HJF is seeking a Clinical Research Coordinator to support the Surgery Department located at the Walter Reed National Military Medical Center (WRNMMC) in Bethesda, Maryland. HJF provides scientific, technical and programmatic support services to the Surgery Department. 

Participates as a key team member of the Peripheral Nerve Institute (PNI) to support the development, execution and close-out procedures for multiple clinical research protocols related to peripheral nerve injuries. As a Clinical Research Coordinator, the individual plays a central coordinating role in the implementation of research protocols in a multi-site, multi­ disciplinary clinical research network based in Department of Defense medical treatment facilities and civilian clinical trial sites. The Clinical Research Coordinator will report to the Program Director and will work closely with Principal Investigators to execute clinical trials and conduct funded research programs and support the development of new clinical trial proposals and new clinical research programs.

Responsibilities: 

  1. Interacts regularly with Principal Investigators, clinical site coordinators, regulatory and safety monitoring staff: laboratory personnel, data coordination center personnel, data analysts, biostatisticians and administrative staff.
  2. Develops, implements and oversees clinical research proposals. specifically, the writing of protocols and associated documents (e.g., manuals, consent documents, data collection forms, material transfer agreements, cooperative research and development agreements), coordination    of the proposal submission and scientific/ethical review processes, management of protocol development activities, oversight and guidance of protocol execution activities at clinical sites and ensuring project completion and final product development (e.g.  presentation and/or publication, recommendations for changes in   clinical practice, provision of pivotal data for product licensure, etc.).
  3. Conducts literature reviews and drafts scientific and technical documents under the direction of clinical investigators and other members of the investigative team.
  4. Coordinates with the Program Director to prepare grant/funding applications, develop contracts with vendors, write progress reports for sponsors and track various aspects of the program related to research administration.
  5. Reviews new concepts, protocols and sub-studies and assists in the selection of appropriate study design as well as development and execution of plans to meet primary and secondary study objectives.
  6. Recruit instruct and coordinate enrollment and participation of research subjects and/or volunteers, as appropriate to specific study objectives and work scope under CFR, GCP and ICH guidelines.
  7. Organize and facilitate meetings, conferences, and other events associated with research activities; may perform and/or coordinate outreach activities, as appropriate to research objectives.

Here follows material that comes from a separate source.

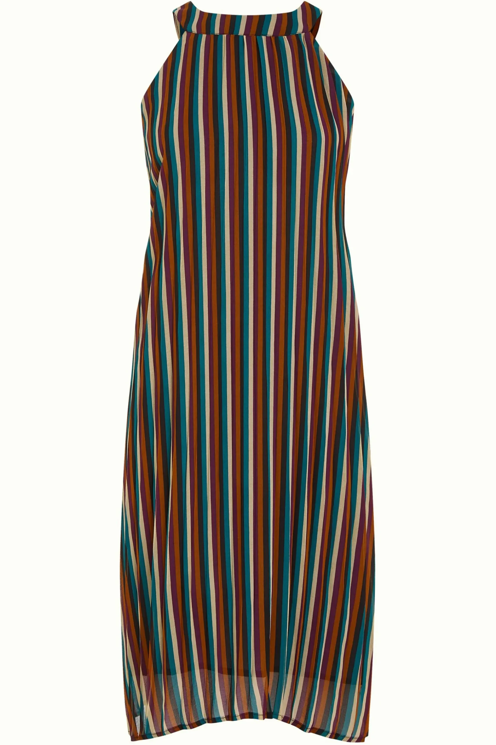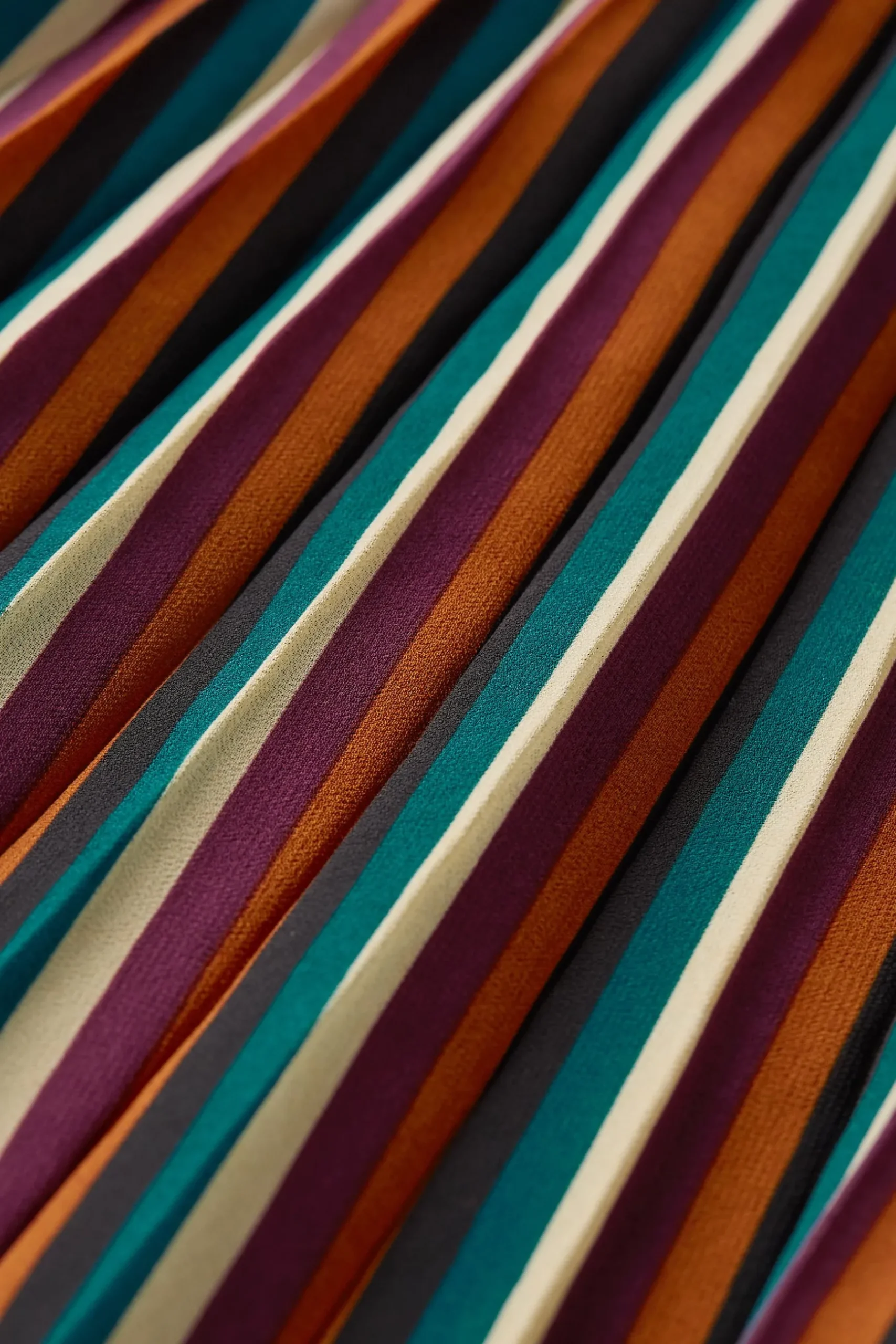 Product details Korte plissé jurkMouwloosHoge ronde halsKeyhole sluiting op de rugGewevenNon stretchStrepenprint produ…
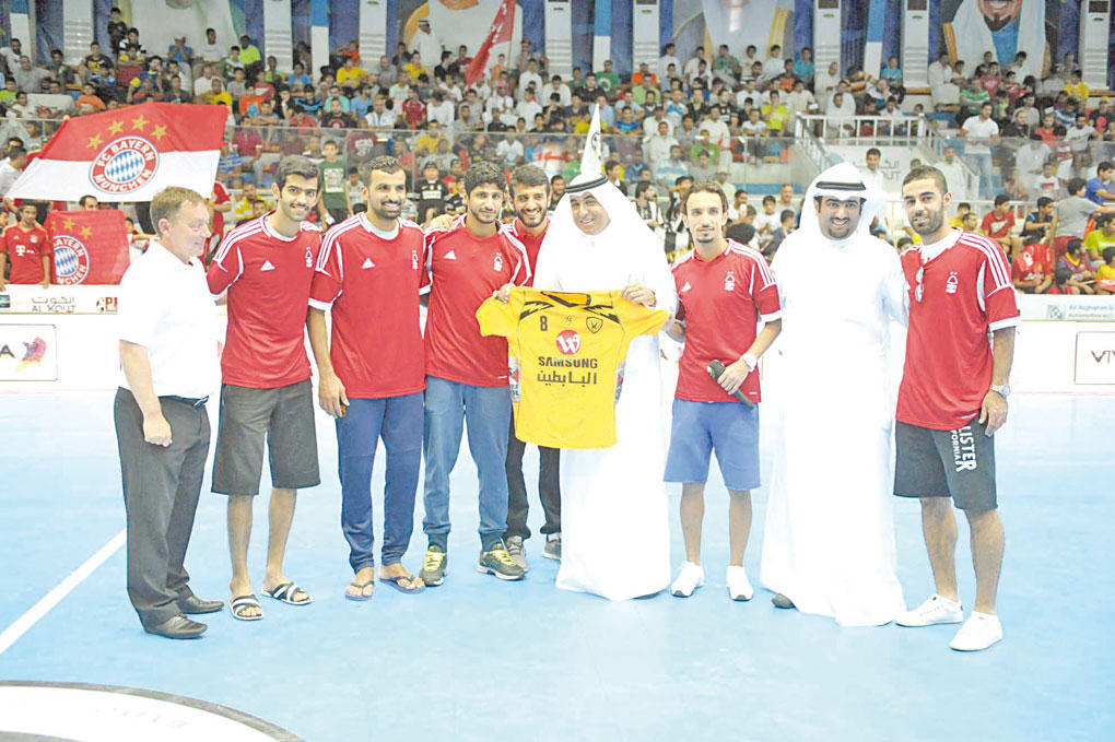 وكشر فريق المرحوم عبد الرزاق الصانع عن أنيابه في اللقاء الثاني ونجح في خطف فوز مستحق من نيسان البابطين بتسجيله 3 أهداف في الشوط الأول عن طريق سانيتا بسي ومشاري خالد ويوسف السلمان قبل أن يسجل ثامر جابر هدف الشرف لنيسان البابطين وعاد يوسف السلمان من جديد ليسجل رابع أهداف الصانع. وفي المباراة الأخيرة اكتسح سبورتس دايركت فريق وزارة الدفاع بالخمسة معلنا تأهله للدور التالي، وتناوب على تسجيل أهداف دايركت عبدالرحمن الطويل «هدفين» ريكاردينهو «ثلاثة أهداف». ذي اثليتس فوت والكابلات ينشدان الفوز اليوم يسعى النصر السعودي إلى حسم تأهله للدور الثاني عندما يلاقي ذي اثليتس فوت في أقوى مواجهات اليوم الثاني عشر بالدورة، كما يلتقي ديوانية العمر مع الخليج للكابلات والقرية التراثية مع بنك الكويت الدولي. ويدخل النصر مباراته الثانية في دور المجموعات منتشيا بفوزه المستحق على القرية التراثية في المباراة الأولى، التي شهدت تألق الثنائي الإيطالي فورتي وفابريشيو إلى جانب المواهب المحلية في النصر المتمثلة في أحمد الهزازي وعبدالله العمودي وعبدالرحمن الملا. في المقابل يأمل ذي اثليتس فوت الخروج بنتيجة ايجابية اليوم لإنعاش آماله في المنافسة على التأهل بعد التعادل في مباراته الأولى مع بنك الكويت الدولي، الذي سيخوض مباراة مصيرية مع التراثية. بدوره سيكون فريق ديوانية العمر على أعتاب التأهل إلى الدور المقبل في حال اجتياز عقبة الخليج للكابلات، وكان العمر قد استهل مشواره في الدورة بالفوز على بلاغة، بينما حقق الكابلات انتصارا ثمينا ومستحقا على النصر الإماراتي. الشامية يطيح بمونيستر من البراعم نجح فريق سوكا ستار في ظهوره الأول بدورة البراعم في يومها العاشر في خطف الفوز من فريق المرحوم جابر محمد بهدف من دون رد، بينما تغلب فريق الشامية على مونيستر بثلاثة أهداف لهدف كما تمكن ريال مدريد من بلوغ دور الاربعة للمجموعة الثانية بتخطيه عقبه ديوانية صباح السالم بهدف نظيف. وحفلت مواجهات اليوم العاشر من دورة البراعم بالندية والإثارة واستمتع جمهور الدورة بمهارات لاعبي الفرق المشاركة الذين تباروا في إظهار قدراتهم لمساعده فرقهم في بلوغ الدور التالي. من ناحية أخرى، تتواصل اليوم منافسات الدورة بإقامة ثلاث مباريات ضمن المجموعة الرابعة حيث تلتقي أكاديمية نادي الزمالك المصري مع ديوانية طلال العنزي فيما يواجه فريق سنيار نظيره أكاديمية سوبر كيكر وفي المواجهة الأخيرة يلاقي دورتموند فريق الزماي. احتفالية خاصة في أجواء مثالية غلب عليها الطابع الأوروبي في التشجيع، أقامت اللجنة المنظمة لدورة الروضان لكرة القدم احتفالية خاصة ضمن فعاليات اليوم العاشر لنادي نوتنغهام فرست الإنكليزي، بحضور مالكه فواز الحساوي ومدربه الاسكتلندي بيلي ديفيز، والحارس خالد الرشيدي والمحترف الجزائري قديورة إلى جانب نجوم القادسية. وتزامنت احتفالية نوتنغهام فرست مع زيارة وزير التجارة والصناعة انس الصالح لدورة الروضان، ونائب المدير العام للهيئة العامة للشباب والرياضة د. حمود فليطح. وبدأت احتفالية نوتنغهام بمصافحة الحساوي وديفيز ورئيس اللجنة المنظمة للاعبين خالد الروضان، وسط هتافات وأناشيد من الجماهير احتفالا بالحساوي ووفد نوتنغهام، وزينت أعلام النادي الإنكليزي مدرجات الروضان وكذلك فانلات النادي الذي يلعب حاليا في دوري الدرجة الأولى بإنكلترا. وقام الروضان بتكريم الحساوي وديفيز داخل الملعب، تعبيرا عن تقدير دورة الروضان للتجربة الرائدة التي أقدم عليها الحساوي بشراء النادي الإنكليزي ورفع اسم وعلم الكويت عاليا داخل النادي العريق، حامل لقب دوري الأبطال مرتين، وفي كل الملاعب الإنكليزية. الحساوي: أعجز عن وصف «الروضان» من جانبه، أكد مالك نادي نوتنغهام فرست الإنكليزي فواز الحساوي سعادته بالتواجد في دورة الروضان المميزة التي تقدم كل عام ما هو جديد، مضيفا: «يعجز اللسان عن وصف الدورة»، متمنيا لها المزيد من التطور والتقدم والر

Required Knowledge, Skills, and Abilities: Must have experience and knowledge of federal and local regulations  and policies  pertinent  to research  involving human  subjects; experience  in the design, conduct  and  analysis of  clinical  trials  and  epidemiologic  studies;  prior  experience  in  a clinical research environment; knowledge of biomedical sciences and clinical research; familiarity with clinical research methods, including studies utilizing randomized controlled trial, cohort, case­ control, and case-series designs; knowledge and proficiency  in statistical analysis. Knowledge and experience with logistic regression, general linear models with repeated measures, survival analyses, and other statistical techniques for longitudinal and missing data; experience with utilization of electronic medical records preferred. Prior supervision and mentorship of study personnel preferred; ability to communicate effectively in written and oral form; ability to effectively communicate research findings in presentations and publications; prior presentation and publication record preferred; excellent verbal, written and interpersonal skills; ability to establish goals and agendas; occasional travel may be required.

Minimum Education/Training Requirements:  Bachelor’s degree in Biology or related field; Master's degree in Epidemiology, Public Health or related field preferred.

Minimum Experience:  0 - 2 years plus of clinical research experience; experience and proficiency in military eIRB and HRPO submissions preferred.

Background: US Citizenship required; eligibility to obtain and hold Department of Defense issued Secret Clearance.

Employment with HJF is contingent upon successful completion of a background check, which may include, but is not limited to, contacting your professional references, verification of previous employment, addresses, education, and credentials, a criminal background check, drug screening, and a department of motor vehicle (DMV) check.  

HJF is an equal opportunity and affirmative action employer.  All qualified applicants will receive consideration for employment without regard to race, color, religion, sex, sexual orientation, gender identity, national origin, disability, or protected veteran status.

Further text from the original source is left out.